◆ **Your instructions**
Pictures in the data should be dropped; transcribe exactly the lines from the one that has "This set of" through the one that has "775 - منصور".

(Records from a data source)
.....

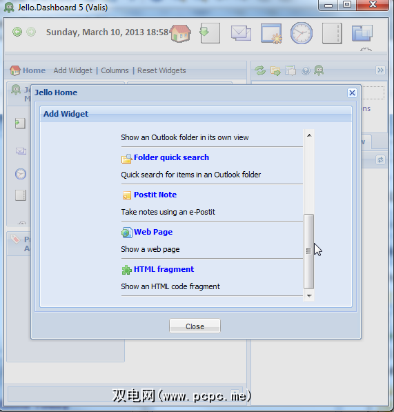 小部件该应用程序是我最喜欢的区域。您可以从字面上拖放窗口小部件-这是显示电子邮件,项目,任务,便笺,甚至是自定义HTML代码段或网页的数据区域。只要考虑一下增加应用程序的功能即可。如果您可以将网站显示在框架中,则可以将其嵌入到桌面仪表板中。
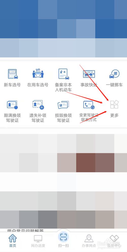 打开更多后,向下滑,找到【罚款缴纳】点击进入。我们可以在这里交罚款处理违章。位置如下图所示。
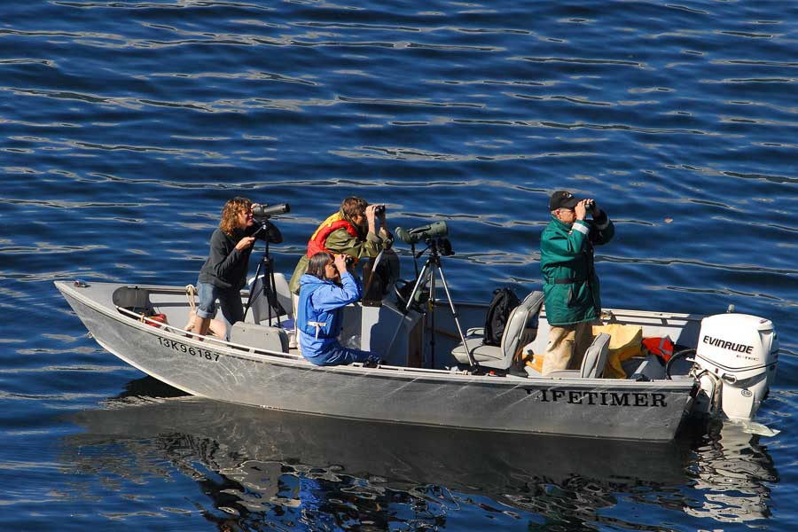 So far, of the 30 nests being monitored, 16 may be actively occupied by juvenile eagles. In July the juveniles start to spend more time standing up near the edge of the nest and thus they are more visible to monitors observing from below. Recently monitoring of shoreline nest-trees was tried from the ocean. Despite very windy weather, 10 nests were examined. The results were very worthwhile. A new nest was identified from the ocean-viewing vantage point. Another nest that was thought to be empty and is very difficult to see from land, was occupied by a juvenile. Overall six juvenile eagles were seen from the ocean. Monitoring will continue through July.
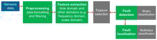 A data-driven fault diagnosis system can be developed with fault detection and fault localisation as shown in Figure 7. In this section, the focus is on fault detection, which means that it is only important to have information about the health of the system in one of two states: normal or abnormal. The normal state means that the system is working properly and that there are no symptoms to be concerned about. The abnormal state means that some symptoms of the system are outside of the range that is considered normal. The designed system needs to recognize these two states. This problem can be solved by performing a binary classification with the class labels of “normal” and “fault”. The first stage of preparation for the binary classification is data collection for each class and features extraction in the desired time, frequency, or time–frequency domain.
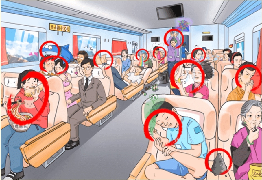 2、后面第三排的男人脱鞋伸脚,第4排的人还在呕吐。
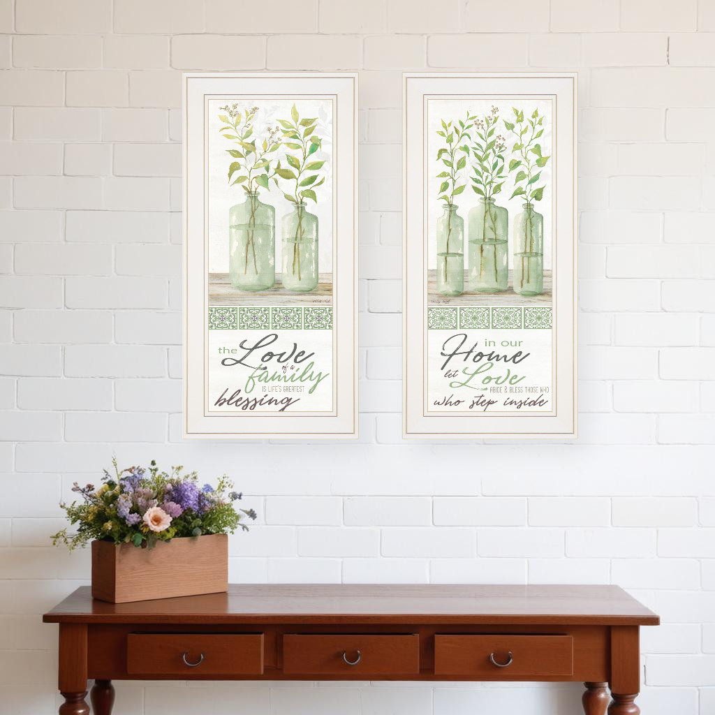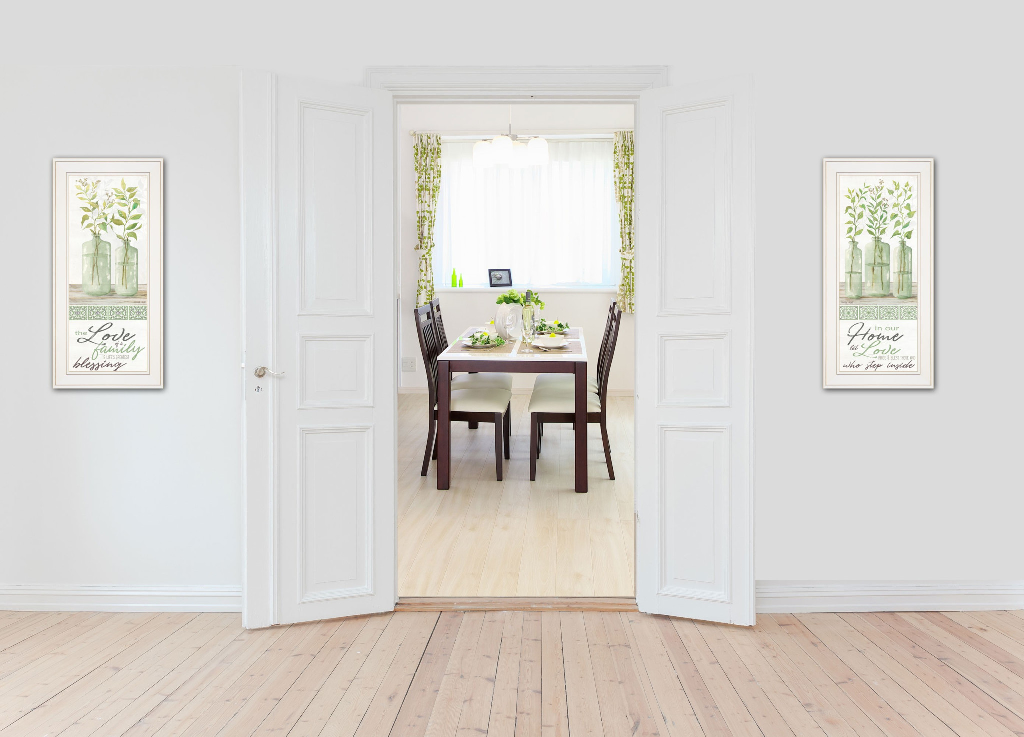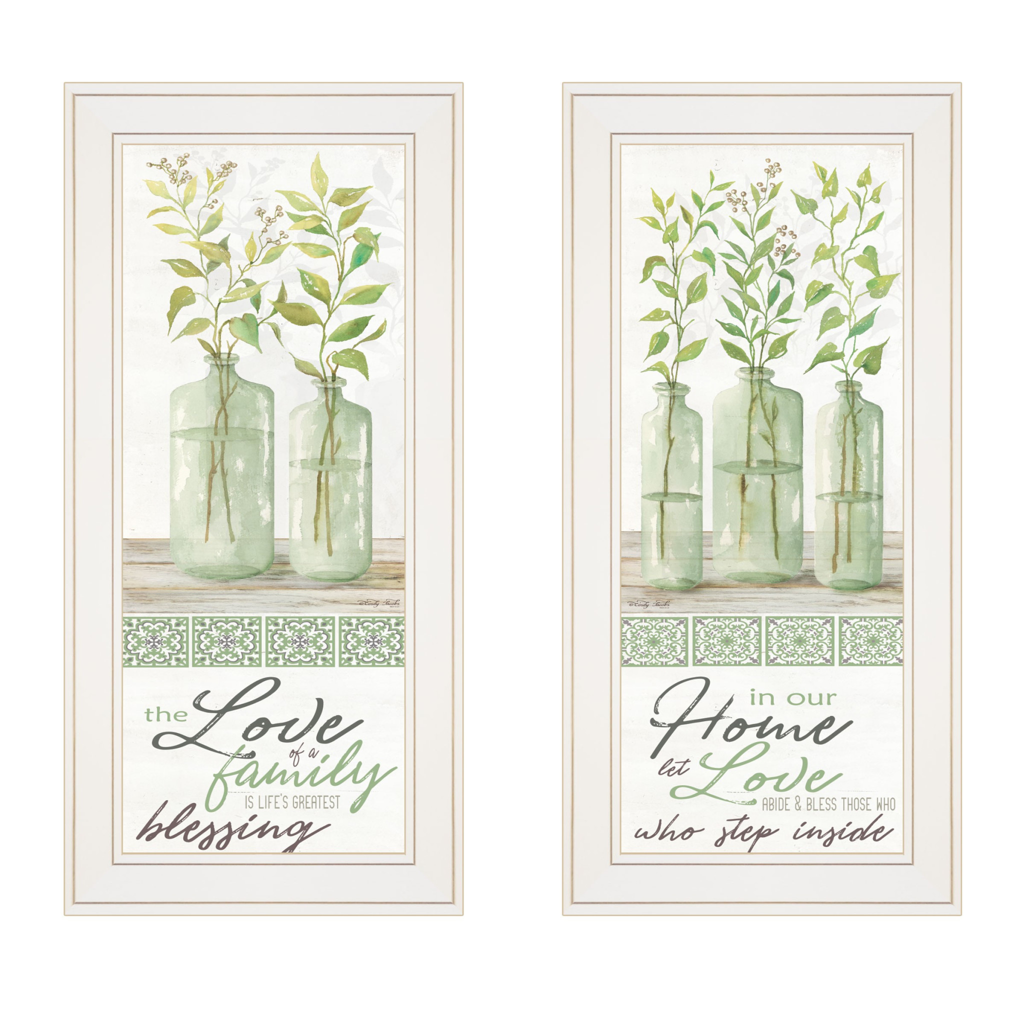 This set of two home and family white framed print wall art will add a beautiful decorative accent to your decor. This print is a visual artistic expression that allows you to decorate your space in style. Reproduced for you on paper, this hanging decorative accent will be a trendy and fashionable way to dress your walls. Hang on your wall to add some up to date fashion and decoration. Utilize this opportunity to create a focal point in the room with this fabulous wall decor option. 27-inch H x 11-inch W x 2-inch D
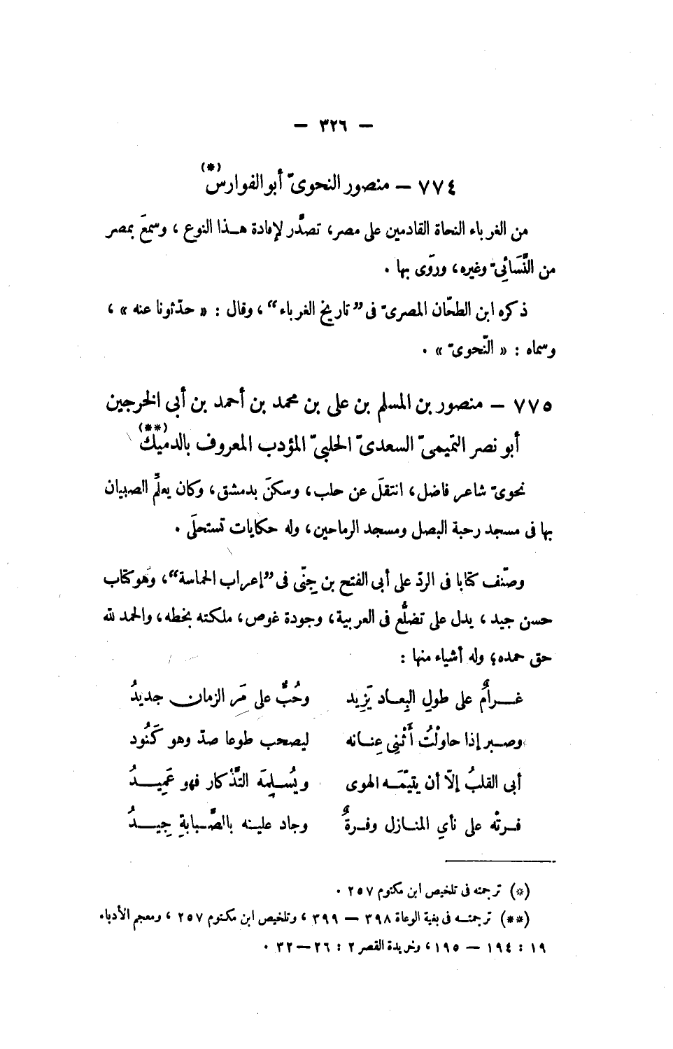 775 - منصور بن المسلم بن على بن محمد بن أحمد بن أبى الخرجين أبو نصر التميمىّ السعدىّ الحلبىّ المؤدب المعروف بالدميك «2»
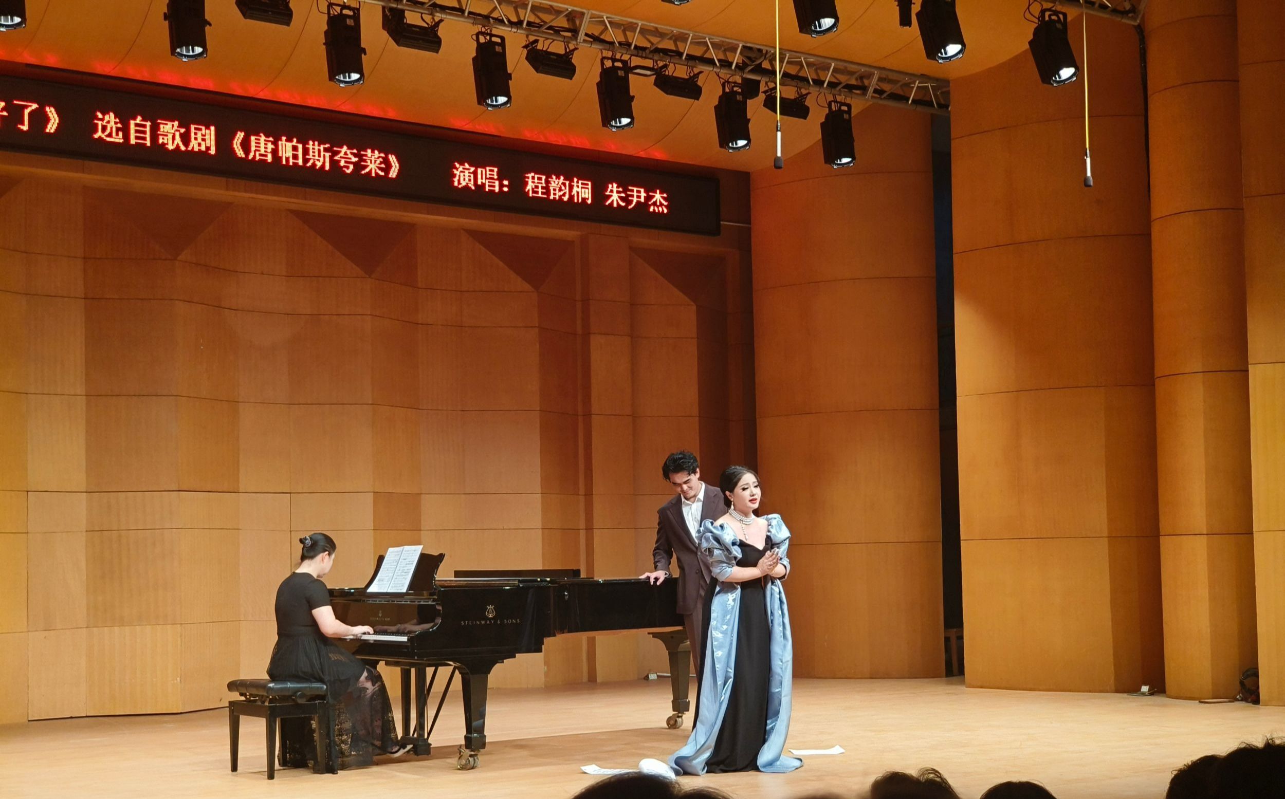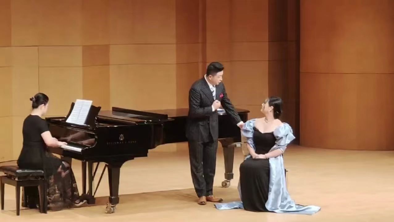 音乐会以刘文乐同学的一曲经典外国歌剧歌剧《费加罗的婚礼》选段《你想要跳舞吗小伯爵》作为开场,熟悉的旋律瞬间将观众的激情点燃。中外歌剧选段轮番上演,既有中国歌剧的代表作如《长征》中的《我的爱人你可听见》,展现了革命先烈的坚贞不屈和崇高信仰;也有世界歌剧的经典之作,如意大利歌剧《爱之甘醇》中的经典唱段《偷洒一滴泪》,戴剑武亲自演绎,让观众领略到了不同文化背景下的音乐魅力。
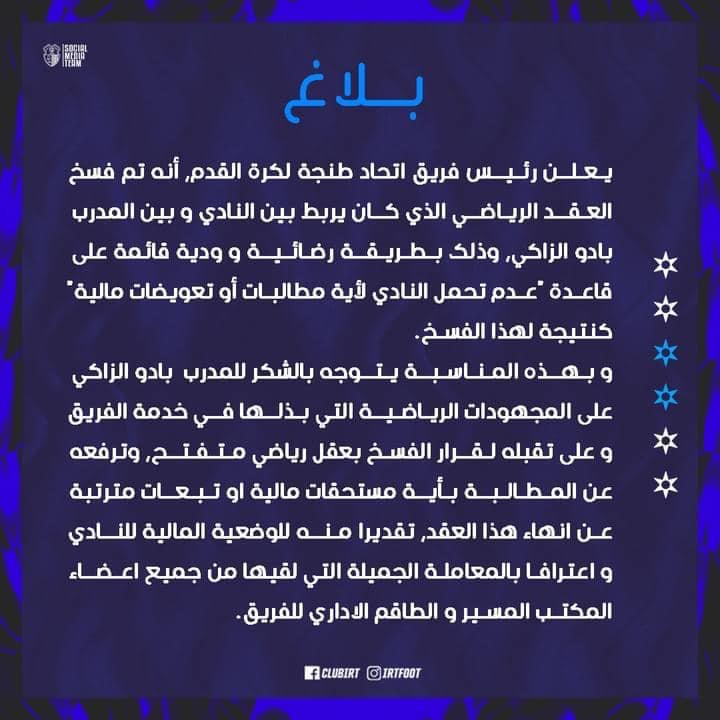 اتحاد طنجة ينفصل عن مدربه بادو الزاكي ويشكره على حسن معاملته

.....

◆ **Response to the task**
 This set of two home and family white framed print wall art will add a beautiful decorative accent to your decor. This print is a visual artistic expression that allows you to decorate your space in style. Reproduced for you on paper, this hanging decorative accent will be a trendy and fashionable way to dress your walls. Hang on your wall to add some up to date fashion and decoration. Utilize this opportunity to create a focal point in the room with this fabulous wall decor option. 27-inch H x 11-inch W x 2-inch D
 775 - منصور بن المسلم بن على بن محمد بن أحمد بن أبى الخرجين أبو نصر التميمىّ السعدىّ الحلبىّ المؤدب المعروف بالدميك «2»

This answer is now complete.